Seeknal's semantic layer lets you define reusable metrics on top of your pipeline outputs and query them with a simple CLI command. It provides a dbt MetricFlow-inspired approach to defining business logic once and querying it anywhere.

Overview

The semantic layer consists of two components:

  • Semantic Models — Define the data structure (tables, columns, entities, dimensions, measures)
  • Metrics — Define calculations on top of semantic models (simple aggregations, ratios, cumulative metrics, derived metrics)

Why Use the Semantic Layer?

Benefit Description
Single Source of Truth Define business logic once, use everywhere
SQL Generation Automatically generates optimized SQL from high-level definitions
Type Safety Catch errors at compile time, not runtime
BI Integration Deploy metrics as StarRocks materialized views for dashboards
Version Control Track metric definitions alongside code

Directory Structure

Organize your semantic layer in your Seeknal project:

seeknal/
├── semantic_models/
│   ├── orders_model.yml
│   ├── customers_model.yml
│   └── products_model.yml
└── metrics/
    ├── revenue_metrics.yml
    ├── customer_metrics.yml
    └── product_metrics.yml

Defining a Semantic Model

A semantic model maps a Seeknal pipeline output (node reference) to business concepts.

Basic Structure

kind: semantic_model
name: orders
model: ref('transform.orders')  # Reference to your pipeline node
description: "Order transactions with customer and product details"

entities:
  - name: order
    type: primary
  - name: customer
    type: foreign
  - name: product
    type: foreign

dimensions:
  - name: order_date
    type: time
    expr: order_date
    time_granularity: day
  - name: region
    type: categorical
    expr: customer_region
  - name: status
    type: categorical
    expr: order_status

measures:
  - name: total_revenue
    agg: sum
    expr: amount
    description: "Total order amount"
  - name: order_count
    agg: count
    expr: order_id
  - name: avg_order_value
    agg: average
    expr: amount

Entity Types

Entities define join keys for connecting semantic models:

Type Description Example
primary Primary key of this model order_id in orders model
foreign Foreign key to another model customer_id in orders model
unique Unique but not primary email in customers model

Dimension Types

Type Description Example
time Time-based dimension for aggregation order_date, created_at
categorical Categorical attribute region, status, category

Time Granularity (for time dimensions): - day - Daily aggregation - week - Weekly aggregation - month - Monthly aggregation - quarter - Quarterly aggregation - year - Yearly aggregation

Measure Aggregation Types

Aggregation SQL Function Use Case
sum SUM() Total revenue, quantity
count COUNT() Number of orders
count_distinct COUNT(DISTINCT) Unique customers
average / avg AVG() Average order value
min MIN() Minimum price
max MAX() Maximum quantity

Defining Metrics

Metrics build on semantic models to define business calculations. Seeknal supports four metric types.

1. Simple Metrics

Direct aggregation of a measure:

kind: metric
name: total_revenue
type: simple
measure: total_revenue
description: "Sum of all order amounts"
filter: "order_status = 'completed'"  # Optional filter

2. Ratio Metrics

Divide one measure by another:

kind: metric
name: conversion_rate
type: ratio
numerator: order_count
denominator: visitor_count
description: "Orders divided by visitors"

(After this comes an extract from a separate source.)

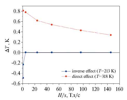 На рис. 3 приведены зависимости максимума прямого и обратного эффекта от скорости развертки магнитного поля. Начальные точки для обоих эффектов соответствуют разовым включениям магнитного поля с разверткой 0.72 Тл/с. Последующие точки соответствуют циклическому воздействию магнитного поля с разверткой от 1 Тл/с до 145 Тл/с. Известно, что происхождение гистерезиса для материалов, претерпевающих фазовый переход первого рода, может быть связано как с внутренними свойствами, так и внешними факторами, которые могут влиять на поведение гистерезиса, обуславливая процесс зарождения и роста основной фазы. К внутренним свойствам можно отнести магнитоструктурную связь, движение доменных стенок, магнитную анизотропию, электронную структуру, спиновые флуктуации и т. д. К внешним факторам относятся микроструктура, в том числе дефекты, размер зерна, напряжение на границе раздела фаз индуцированное внешним полем.

The compiler generates numerator / NULLIF(denominator, 0) to prevent division by zero.

3. Cumulative Metrics

Running totals or grain-to-date aggregations:

kind: metric
name: month_to_date_revenue
type: cumulative
measure: total_revenue
grain_to_date: month  # Reset at month boundaries
description: "Revenue accumulated within each month"

Generates SQL with window functions:

SUM(amount) OVER (
  PARTITION BY date_trunc('month', order_date)
  ORDER BY order_date
  ROWS BETWEEN UNBOUNDED PRECEDING AND CURRENT ROW
)

4. Derived Metrics

Combine other metrics with custom expressions:

kind: metric
name: revenue_per_customer
type: derived
expr: "total_revenue / customer_count"
inputs:
  - metric: total_revenue
    alias: total_revenue
  - metric: customer_count
    alias: customer_count
description: "Average revenue per customer"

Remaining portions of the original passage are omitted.